Alessandra, hoje, convive com depressão e crises de pânico recorrentes, além de ter sido medicada com drogas de tarja preta. “Ela está passando por tratamento psiquiátrico. Ela tem pânico, tem fobia de várias coisas, está tomando dois remédios muito fortes, tarja preta, para conter os surtos, para tentar dormir. Virou um trauma físico e um pesadelo psicológico”, relata Eduardo.
O casal registrou um boletim de ocorrência contra os três médicos e Alessandra passou por um exame de corpo de delito – que foi feito em uma cidade a pouco mais de 100Km de distância de Minaçu, onde não há como realizar o procedimento. A reportagem questionou Eduardo sobre danos financeiros sofridos com a situação e o erro médico denunciado, mas, por telefone, ele disse que não havia ainda pensado sobre isso.

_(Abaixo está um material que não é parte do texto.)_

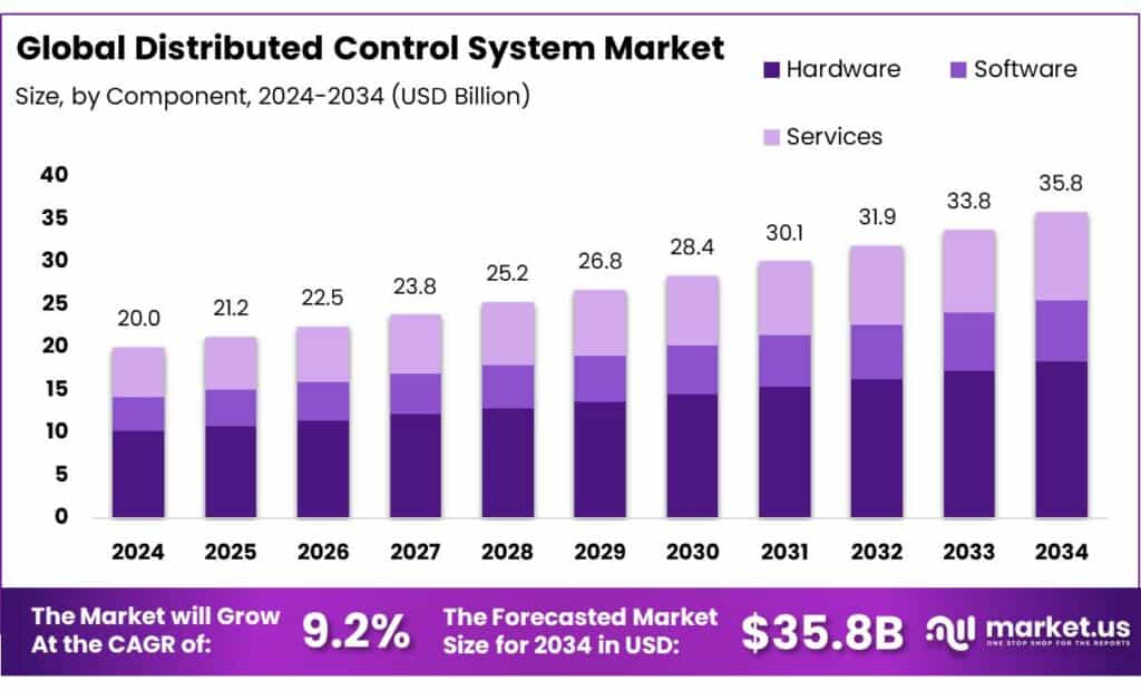 The Global Distributed Control System (DCS) Market is anticipated to experience substantial growth, projected to reach USD 35.8 billion by 2034, up from USD 20 billion in 2024. This growth represents a CAGR of 9.2% from 2025 to 2034. DCS plays a critical role in automating industrial processes, particularly in sectors like manufacturing, energy, oil and gas, and utilities, by providing real-time control and monitoring across various operations. The ongoing adoption of Industry 4.0 technologies, advancements in automation, and rising demand for operational efficiency are key factors driving the market’s expansion. This trend is supported by increasing investments in infrastructure and industrial upgrades worldwide.
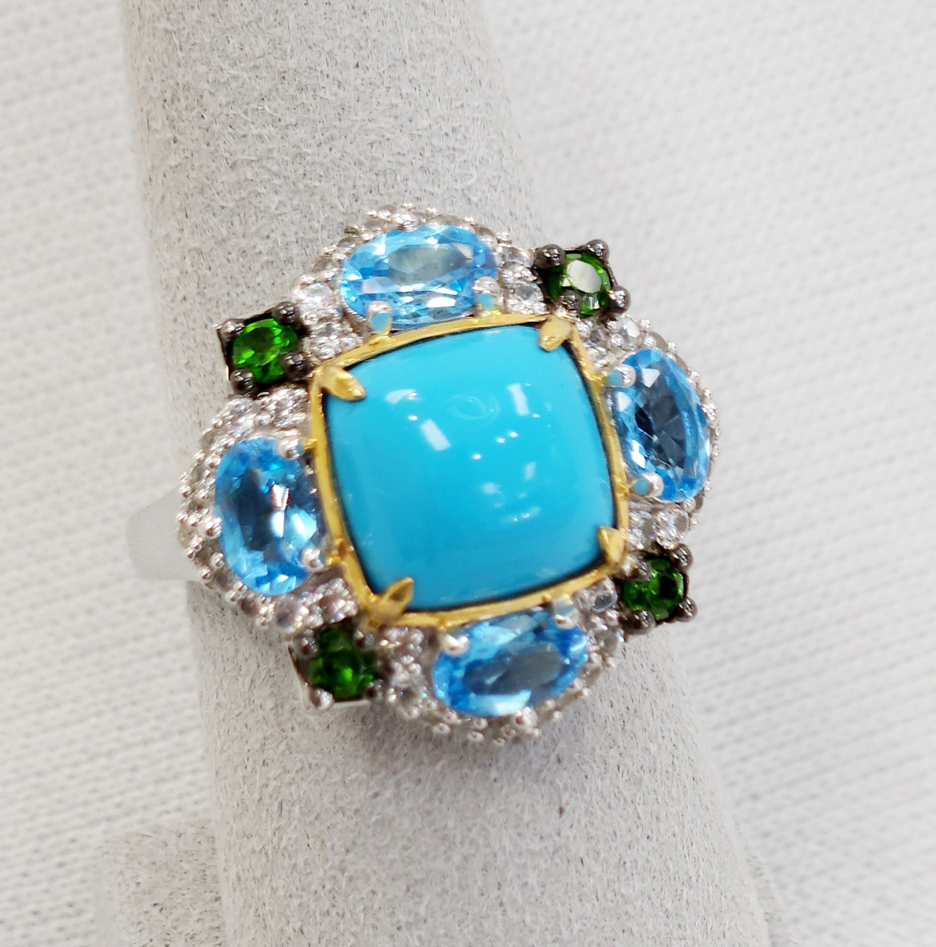 Elevate your style with the Sleeping Beauty Turquoise Multi-stone Ring, crafted in sterling silver. This exquisite piece showcases a harmonious blend of a vibrant Sleeping Beauty turquoise Cabochon Center, sparkling Swiss blue topaz, rich chrome diopside, and dazzling white zircon. Each stone adds its own unique brilliance, creating a sophisticated and captivating accessory perfect for any elegant occasion. size 7.5
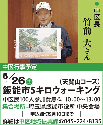 都市間交流の一環として、中区と交流事業を実施している埼玉県飯能市では、16回目となる人気のウォーキングイベント「飯能新緑ツーデーマーチ」を5月26日と27日に行います。そこで、飯能市の好意で26日、通常参加費1500円の5Kmコースに中区民100人を無料招待していただきました。現在、参加者を募集しています。
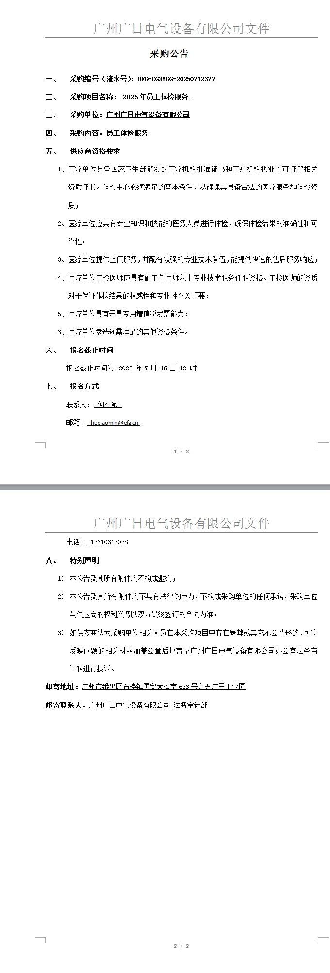 2025年度員工體檢服務
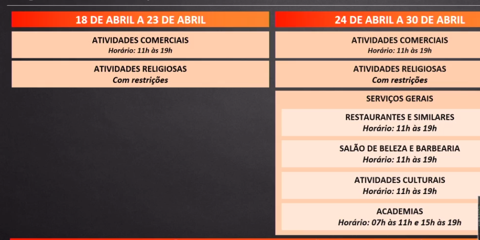 O horário de salões, restaurantes e atividades culturais também será das 11h às 19h. Academias poderão funcionar em dois turnos, das 7h às 11h e das 15h às 19h. O funcionamento de bares está proibido.
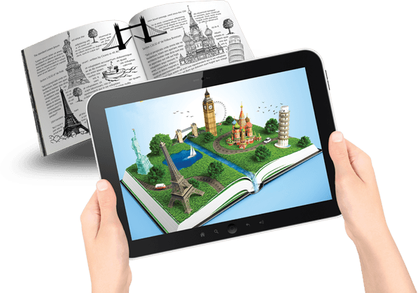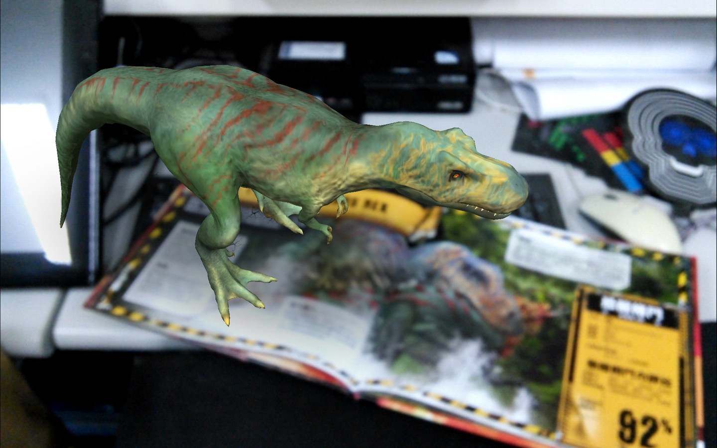 相機讀取 特製的圖卡後,影像 呈現在平板上,與現實情景重疊

“Nossa vida ainda está de cabeça para o ar. Devo ter gastado pelo menos R$ 50 mil. O que passa na minha cabeça é que quero resolver o problema de minha esposa, que se dane o resto, por ora”, respondeu. A mulher deve precisar usar uma prótese – que já foi comprada – e é supervisionada por médicos de Goiânia.
“Ela tem ciclos de muita raiva, revolta. Se não controlar, pode piorar. Junta com a depressão. É um quadro tão novo, que é difícil de descrever. Moramos a 500Km de Goiânia, então tudo é mais complicado. O que eu sinto é muita pena do que está acontecendo, primeiro por causa dela, mas sinto pena de que eles [os médicos] não tenham tentado de alguma forma acalmá-la, ou dar um suporte. A gente tinha uma amizade. Não desejo mal para eles, na verdade não desejaria para ninguém ser denunciado na Polícia Civil. Não deve ser fácil. Mas a minha esposa está sofrendo muito. O mínimo que poderiam dar é um suporte”, conclui Eduardo.
O CRM de Goiânia informou que não foi informado oficialmente da denúncia, mas ressaltou que a mulher entre com uma notificação junto ao conselho. A clínica responsável pelo procedimento – Visage, em Minaçu – foi procurada por telefone.
À reportagem, a recepcionista disse que foi orientada a não encaminhar contatos e que “só o advogado” poderia responder sobre o ocorrido. Contudo, ela disse não saber como localizar o profissional.
O TEMPO questionou, ainda, se Ariano da Paz Melo estaria no estabelecimento e poderia dar sua versão dos fatos, mas ele estava “em atendimento” e “não tem agenda” nesta quarta-feira (27). A Polícia Civil confirma que o inquérito está em andamento.